Lydia: It wasn’t media coverage so much as it was a temper tantrum, just a terrible reaction to a meeting where we should be talking about real issues, about disabled people at risk of severe complications and death from pregnancy, disabled people dealing with forced sterilization, disabled people having children taken away, and, and instead, all that’s happening is this ridiculous criticism of a very basic practice of accessibility and inclusion.”

Brian: “There are some Republicans like Adam Kinzinger who tweeted, “Hey, Democrats!  Save this moment!  This is why you lose elections.  Do you buy into that argument at all that by naming pronouns and by saying what you’re wearing, someone like Kamala Harris is hurting the Democrats?”

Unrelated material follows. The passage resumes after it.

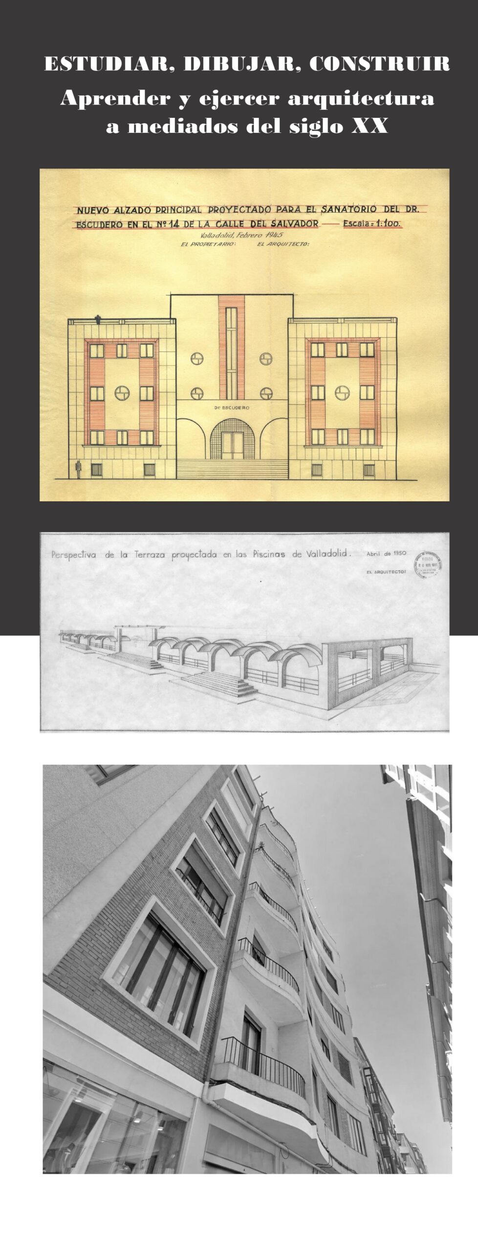La Escuela Técnica Superior de Arquitectura de Valladolid acoge la exposición ESTUDIAR, PROYECTAR, CONSTRUIR. Aprender y ejercer la arquitectura a mediados del siglo XX, comisariada por el Dr. arquitecto F. Javier Carbayo Baz.

Lydia: “We should care a lot more about what our political leaders are doing or failing to do t help real people than about whether or not we are able to recognize who we are.  Just stating what my pronouns are shouldn’t be a big deal.  It’s just a statement.  If you don’t care, you don’t care, but what we should care about are, again, the real issues and the real conversation we have.  If you don’t recognize my pronouns, that’s on you, but if you are ignoring the reality that disabled people are more likely to die because of lack of access to reproductive care, that disabled and trans people are more likely to experience discrimination or even outright violence, then that matters a lot.  It says a lot to me that this public conversation is fixated on the vice president acknowledging her pronoun and mentioning what she was wearing, instead of about what we, a group of five disabled people, came to the Wjhite House to talk about.”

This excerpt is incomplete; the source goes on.